___ RECORD EXCERPTS ___
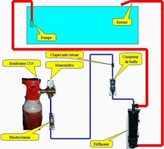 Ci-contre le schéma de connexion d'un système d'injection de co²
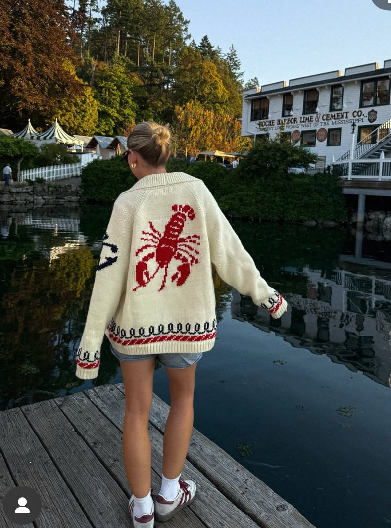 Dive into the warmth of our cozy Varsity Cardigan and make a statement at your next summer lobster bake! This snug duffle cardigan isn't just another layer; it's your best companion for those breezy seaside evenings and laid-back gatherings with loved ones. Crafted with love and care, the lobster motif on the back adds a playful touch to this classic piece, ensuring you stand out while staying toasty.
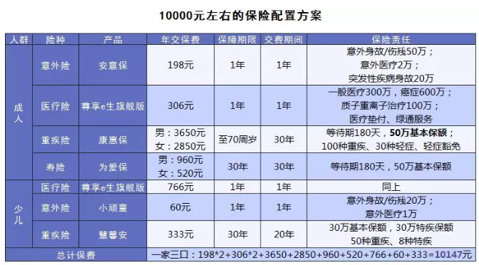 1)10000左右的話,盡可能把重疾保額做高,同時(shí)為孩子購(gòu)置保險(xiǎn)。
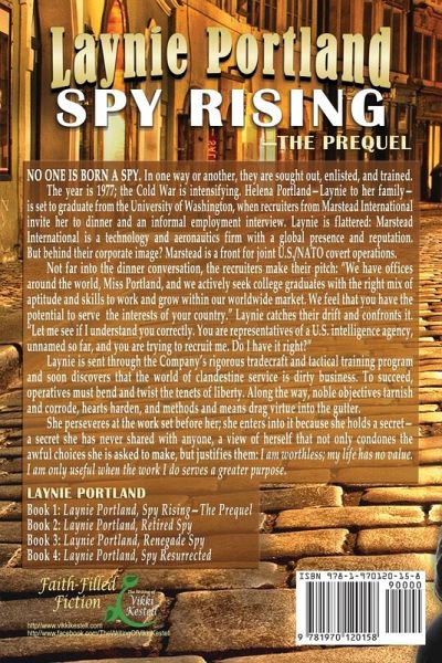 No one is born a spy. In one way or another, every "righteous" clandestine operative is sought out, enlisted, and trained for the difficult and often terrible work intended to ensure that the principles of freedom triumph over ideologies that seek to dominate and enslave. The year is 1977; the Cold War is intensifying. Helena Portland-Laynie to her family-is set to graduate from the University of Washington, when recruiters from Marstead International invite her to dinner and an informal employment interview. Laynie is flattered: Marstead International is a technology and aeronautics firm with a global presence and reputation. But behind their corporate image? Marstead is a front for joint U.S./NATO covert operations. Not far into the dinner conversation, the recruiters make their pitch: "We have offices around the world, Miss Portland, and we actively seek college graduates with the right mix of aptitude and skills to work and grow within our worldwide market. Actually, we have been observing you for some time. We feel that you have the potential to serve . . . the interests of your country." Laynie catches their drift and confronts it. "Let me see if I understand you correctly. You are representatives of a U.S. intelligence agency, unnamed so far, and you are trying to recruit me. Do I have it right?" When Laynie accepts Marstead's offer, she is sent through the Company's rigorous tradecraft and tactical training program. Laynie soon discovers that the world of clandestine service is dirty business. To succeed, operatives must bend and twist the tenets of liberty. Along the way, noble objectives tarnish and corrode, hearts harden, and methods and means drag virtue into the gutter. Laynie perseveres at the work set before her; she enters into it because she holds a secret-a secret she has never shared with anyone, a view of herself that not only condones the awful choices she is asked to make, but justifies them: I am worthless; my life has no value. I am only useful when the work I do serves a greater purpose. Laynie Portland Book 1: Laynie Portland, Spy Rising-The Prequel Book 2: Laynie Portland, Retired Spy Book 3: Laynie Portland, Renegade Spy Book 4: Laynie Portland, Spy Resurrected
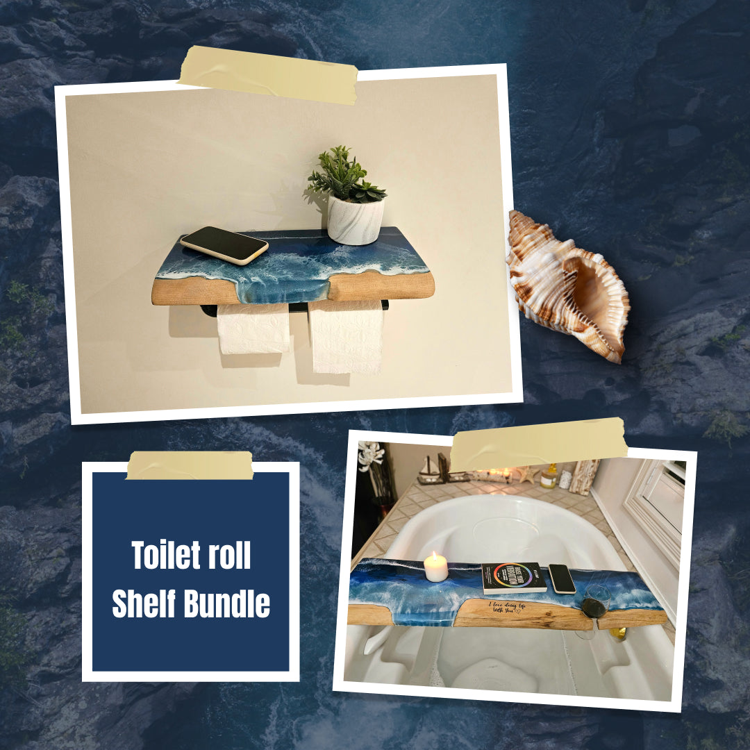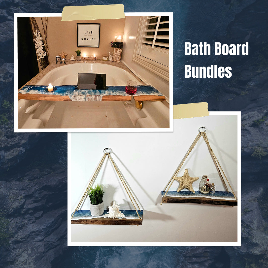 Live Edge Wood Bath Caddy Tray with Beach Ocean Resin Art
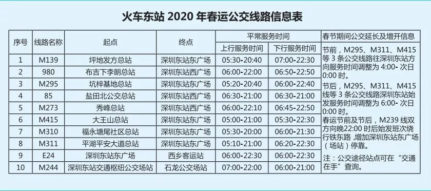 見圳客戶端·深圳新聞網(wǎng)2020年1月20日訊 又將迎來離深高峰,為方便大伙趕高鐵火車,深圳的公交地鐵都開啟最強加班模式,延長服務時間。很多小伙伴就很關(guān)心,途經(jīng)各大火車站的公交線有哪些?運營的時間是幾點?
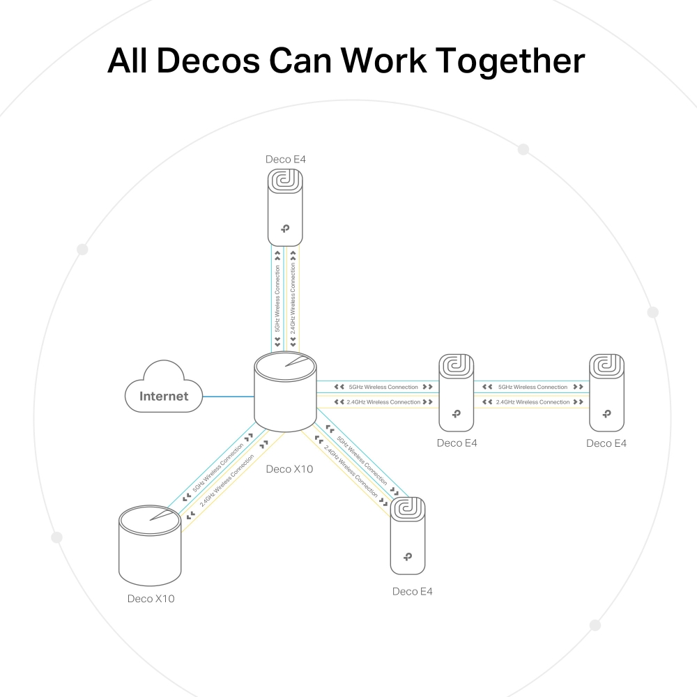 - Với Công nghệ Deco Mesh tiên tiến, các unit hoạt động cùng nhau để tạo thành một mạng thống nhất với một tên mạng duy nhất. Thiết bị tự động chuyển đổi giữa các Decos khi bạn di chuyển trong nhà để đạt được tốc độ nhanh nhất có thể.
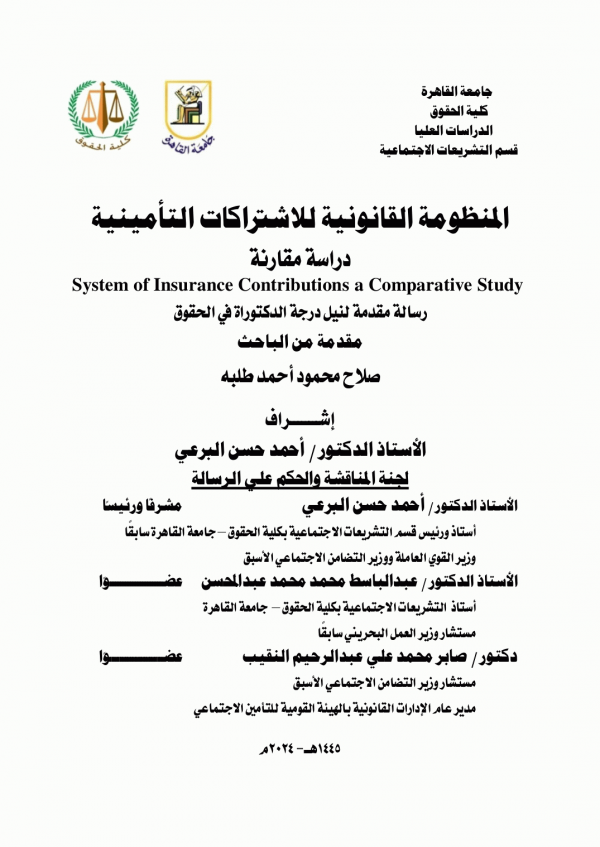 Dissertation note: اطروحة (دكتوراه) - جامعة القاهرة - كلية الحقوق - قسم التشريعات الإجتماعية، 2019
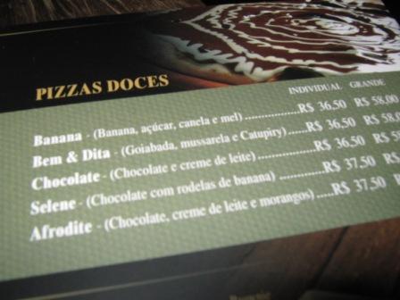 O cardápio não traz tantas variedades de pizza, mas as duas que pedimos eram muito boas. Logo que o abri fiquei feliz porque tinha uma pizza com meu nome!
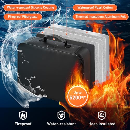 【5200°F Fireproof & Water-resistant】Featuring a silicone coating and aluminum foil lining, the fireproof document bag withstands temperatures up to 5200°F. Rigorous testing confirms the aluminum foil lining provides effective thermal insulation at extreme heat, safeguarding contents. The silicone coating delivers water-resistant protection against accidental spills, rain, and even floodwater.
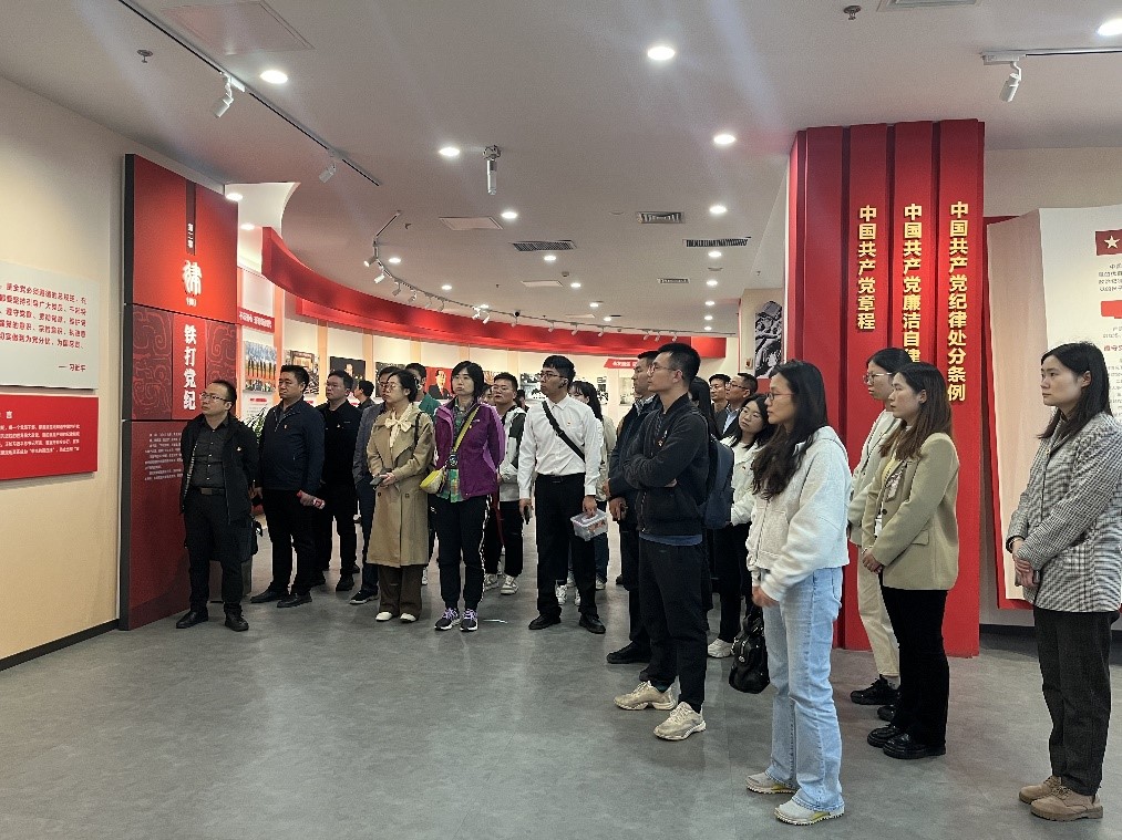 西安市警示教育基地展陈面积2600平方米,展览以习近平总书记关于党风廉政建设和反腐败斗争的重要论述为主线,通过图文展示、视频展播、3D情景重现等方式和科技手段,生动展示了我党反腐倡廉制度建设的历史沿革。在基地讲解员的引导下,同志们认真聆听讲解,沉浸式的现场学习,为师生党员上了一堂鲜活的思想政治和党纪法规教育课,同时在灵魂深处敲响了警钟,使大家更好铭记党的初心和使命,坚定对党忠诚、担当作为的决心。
___
▶ **ACTIVITY**: Each line between the one holding "Dissertation note: اطروحة" and the one holding "and even floodwater.", inclusive, should be copied exactly as it appears above, and pictures should be omitted.

▶ **RESPONSE BELOW**:
 Dissertation note: اطروحة (دكتوراه) - جامعة القاهرة - كلية الحقوق - قسم التشريعات الإجتماعية، 2019
 O cardápio não traz tantas variedades de pizza, mas as duas que pedimos eram muito boas. Logo que o abri fiquei feliz porque tinha uma pizza com meu nome!
 【5200°F Fireproof & Water-resistant】Featuring a silicone coating and aluminum foil lining, the fireproof document bag withstands temperatures up to 5200°F. Rigorous testing confirms the aluminum foil lining provides effective thermal insulation at extreme heat, safeguarding contents. The silicone coating delivers water-resistant protection against accidental spills, rain, and even floodwater.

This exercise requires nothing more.